6) A book for Anna Fox from The Woman in the Window = The Girl on the Train by Paula Hawkins

 

Anna loves thriller movies, so a thriller book might also be right up her alley. Plus she’d be likely to relate to Rachel, since both of them face disbelief after they witness a crime.

7) A book for Tsukiko from The Night Circus = the Comic Book Notebook

 

While the cover of this “book” might initially throw her off (it’s a little loud), the fact that Tsukiko draws her own beautiful tattoos and is clearly creative as a member of the night circus makes me think that she might enjoy this gift. Her comics might be dark, or even abstract with black lines and figures contorting into new shapes across the frames, but how could they not be stunning coming from Tsukiko? First and foremost, though, they might provide her with a new creative outlet that would help her find catharsis for some of her dark past.
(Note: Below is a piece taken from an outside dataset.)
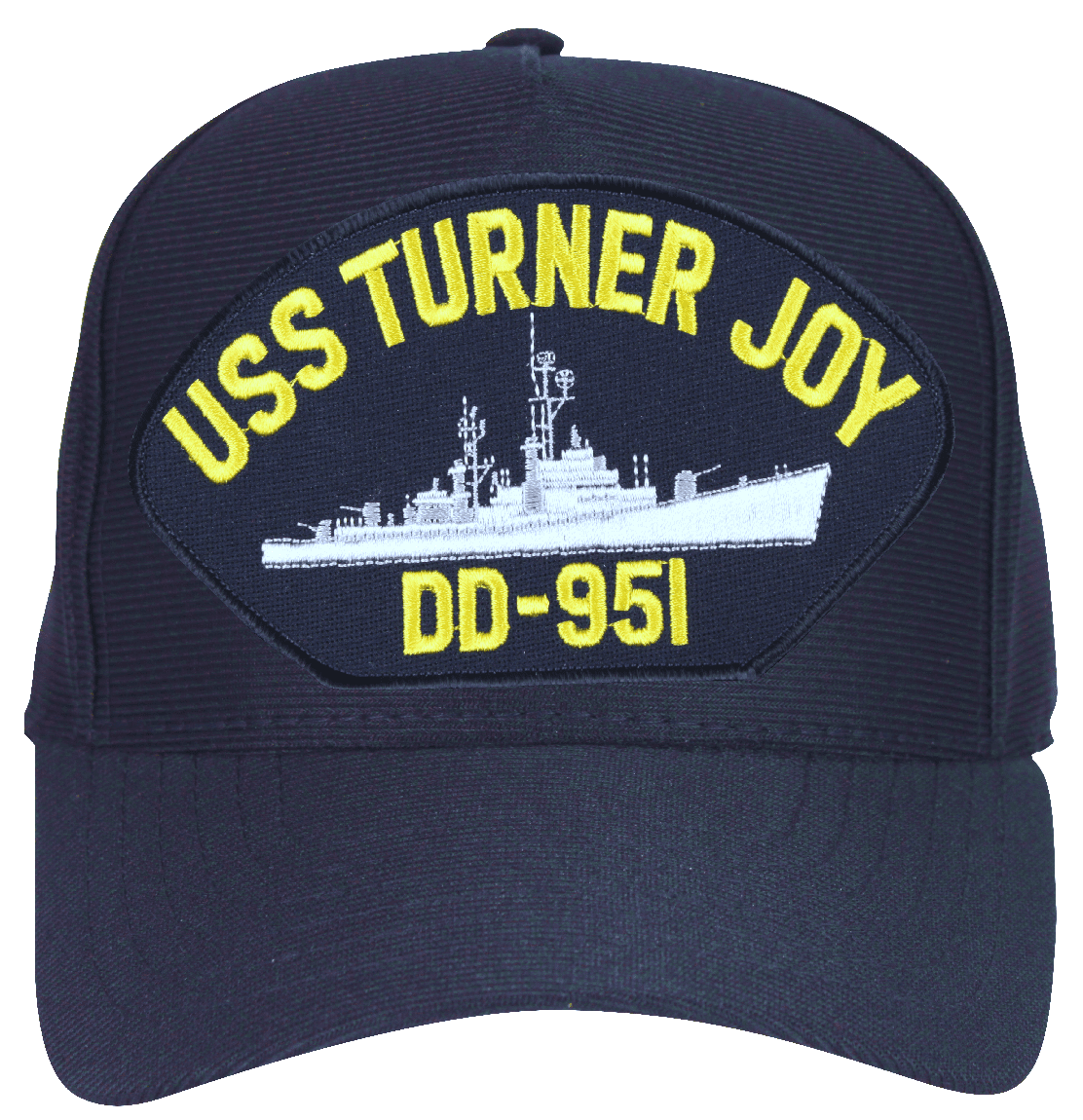 This USS Turner Joy DD-951 Ball Cap is an emblematic, poly, dark under the visor cap. Each has an adjustable strap, and is available as a 5 panel high profile or 6 panel low profile cap. All MilitaryBest caps are fully guaranteed. Some people call them Military Covers or Military Hats. This Military Cap is proudly Made in The U.S.A.For caps ordered with custom embroidered personalized text please allow an additional 3 to 5 days production time. All custom back text will be embroidered in ALL CAPITAL LETTERS. Caps with back text or eggs are non-returnable unless there is a material defect in the cap. If a style is not selected the cap will be made using a high profile style cap as pictured.
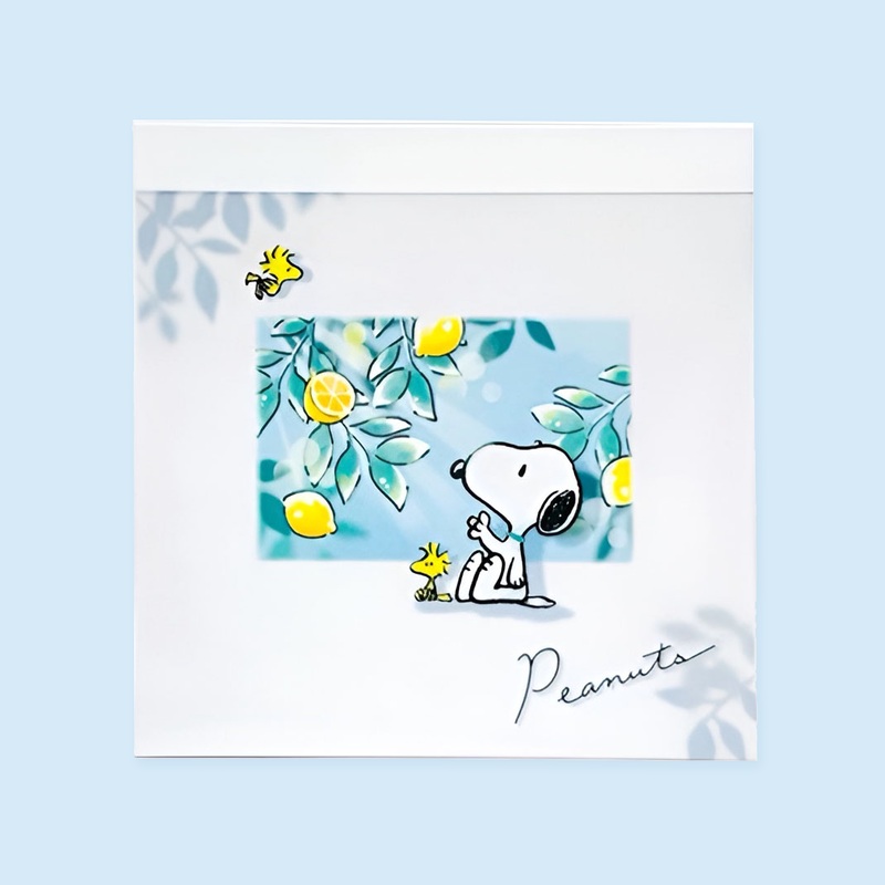 Why Youll Love It: 80 Themed Sheets Two fresh lemon grove illustrations Made in Japan Premium-quality paper with smooth writing flow Compact & Handy Ideal for quick notes, list-making, or journaling Serene Summer Aesthetic Perfect for relaxing spreads or snail mail Peanuts Magic Features a gentle Snoopy & Woodstock moment under the trees Cheerful & Collectible A citrusy must-have for Peanuts fans and cute stationery lovers!

8) A book for Madeline from Madeline = The Doll People by Ann M. Martin and Laura Godwin, illustrated by Brian Selznick

 

Madeline and Annabelle, the main character of The Doll People, are two peas in a pod. They’re both smart, determined, and incredibly brave, so I bet she’d love this book. She’d be all over the idea of dolls coming to life, too!

9) A book for Merry and Pippin from Lord of the Rings = a cookbook

 

Any style at all (except for diet books), just FOOD!

10) A book for Mercutio from Romeo and Juliet = The Importance of Being Earnest by Oscar Wilde

 

Incredibly witty while also a bit bawdy, I can’t think of a more appropriate gift for good ol’ Mercutio.

BONUS: A book for Hamlet from Hamlet = a choose-your-own-adventure story???

 

Would this be the worst or best gift ever for Hamlet? It might be the worst because he can’t ever make up his mind on what to do, but because of this exact problem it might also be the best because then  he could make literally every choice by reading the book several times and see how each choice would play out. Hmm…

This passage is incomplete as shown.